[The task]:
Only the lines from the beginning of the data through the line holding "临安区分局警官王益龙为全体国" belong in the answer, printed exactly and without pictures.

[Information shown]:
• • • • • • •

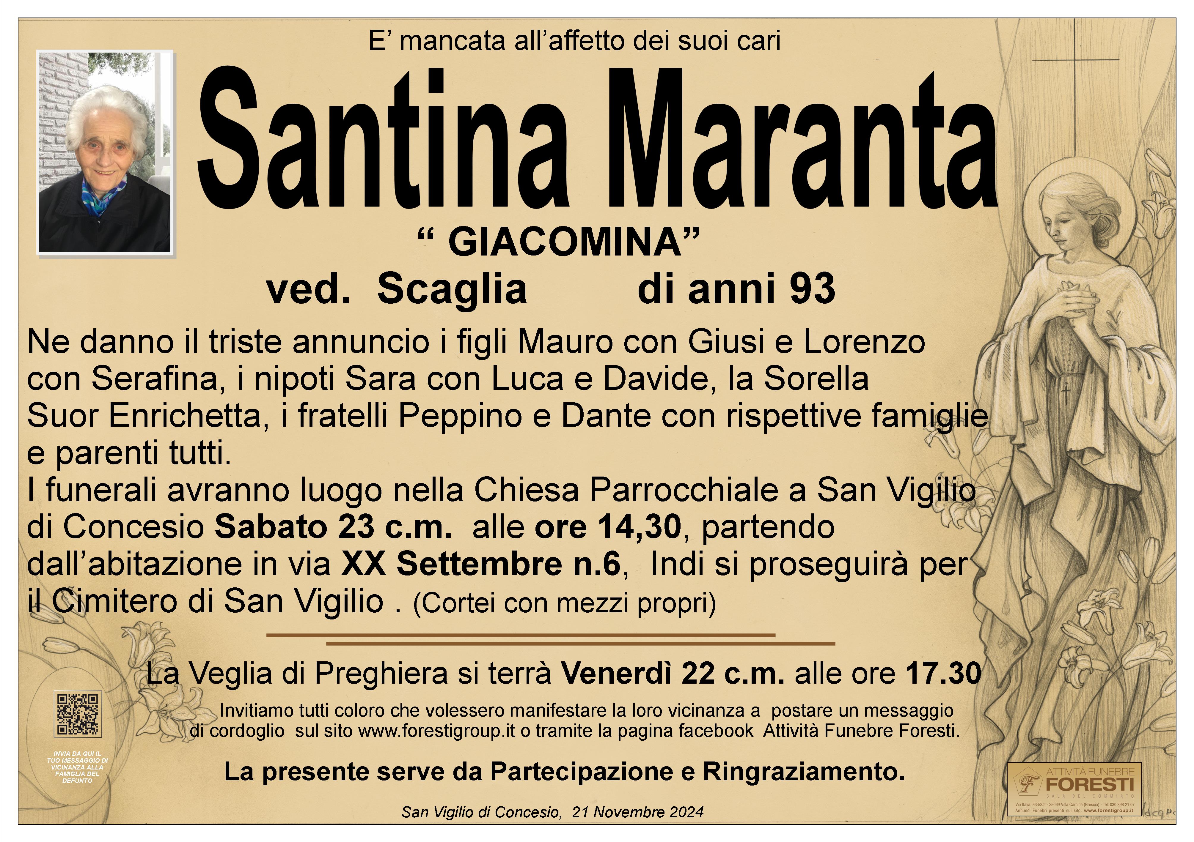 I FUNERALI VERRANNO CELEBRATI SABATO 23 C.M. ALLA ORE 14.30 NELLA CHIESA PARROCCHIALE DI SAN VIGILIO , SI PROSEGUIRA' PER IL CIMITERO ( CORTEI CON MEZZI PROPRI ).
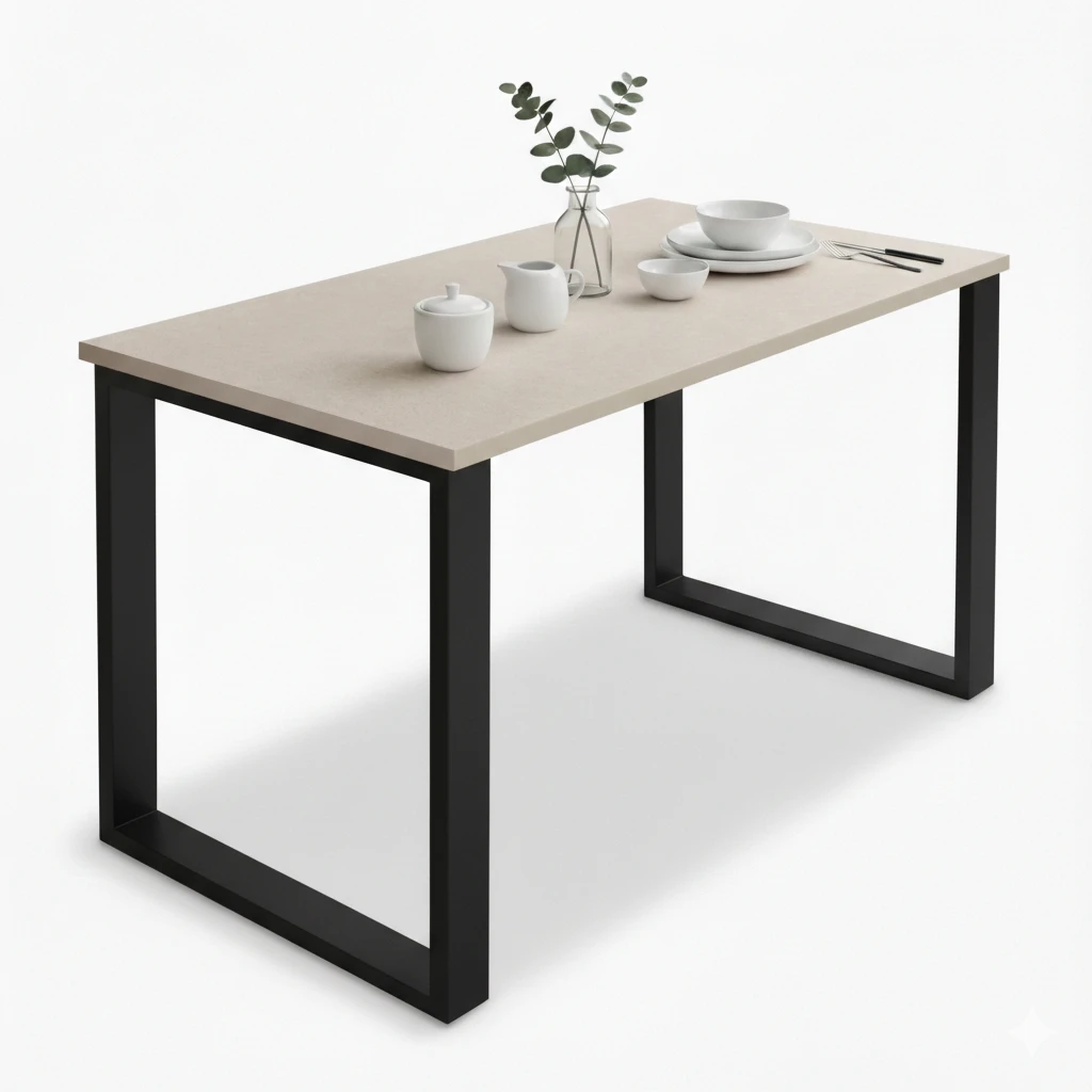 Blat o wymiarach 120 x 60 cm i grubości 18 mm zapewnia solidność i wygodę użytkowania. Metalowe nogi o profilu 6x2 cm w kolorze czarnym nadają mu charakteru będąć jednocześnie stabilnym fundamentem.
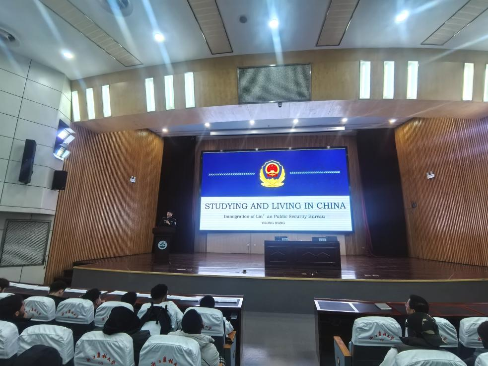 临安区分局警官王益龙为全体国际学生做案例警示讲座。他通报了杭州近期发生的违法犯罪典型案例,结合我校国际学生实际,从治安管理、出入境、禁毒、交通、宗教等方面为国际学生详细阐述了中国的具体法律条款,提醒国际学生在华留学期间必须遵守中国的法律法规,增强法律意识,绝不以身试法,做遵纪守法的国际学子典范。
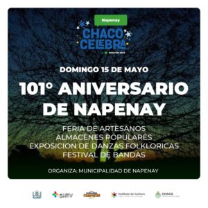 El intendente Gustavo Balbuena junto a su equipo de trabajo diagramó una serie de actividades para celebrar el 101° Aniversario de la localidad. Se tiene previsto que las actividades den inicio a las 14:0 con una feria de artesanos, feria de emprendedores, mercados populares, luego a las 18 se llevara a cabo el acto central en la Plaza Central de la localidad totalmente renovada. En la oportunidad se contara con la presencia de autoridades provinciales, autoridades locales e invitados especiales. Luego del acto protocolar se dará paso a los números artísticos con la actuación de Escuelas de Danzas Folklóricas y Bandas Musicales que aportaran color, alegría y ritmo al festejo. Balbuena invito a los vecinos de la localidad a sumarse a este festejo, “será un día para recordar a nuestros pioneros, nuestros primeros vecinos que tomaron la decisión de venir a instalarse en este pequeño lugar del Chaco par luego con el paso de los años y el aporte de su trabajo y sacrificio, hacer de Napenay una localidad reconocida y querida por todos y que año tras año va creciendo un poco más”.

• • • • • • •

[Expected answer]:
 I FUNERALI VERRANNO CELEBRATI SABATO 23 C.M. ALLA ORE 14.30 NELLA CHIESA PARROCCHIALE DI SAN VIGILIO , SI PROSEGUIRA' PER IL CIMITERO ( CORTEI CON MEZZI PROPRI ).
 Blat o wymiarach 120 x 60 cm i grubości 18 mm zapewnia solidność i wygodę użytkowania. Metalowe nogi o profilu 6x2 cm w kolorze czarnym nadają mu charakteru będąć jednocześnie stabilnym fundamentem.
 临安区分局警官王益龙为全体国际学生做案例警示讲座。他通报了杭州近期发生的违法犯罪典型案例,结合我校国际学生实际,从治安管理、出入境、禁毒、交通、宗教等方面为国际学生详细阐述了中国的具体法律条款,提醒国际学生在华留学期间必须遵守中国的法律法规,增强法律意识,绝不以身试法,做遵纪守法的国际学子典范。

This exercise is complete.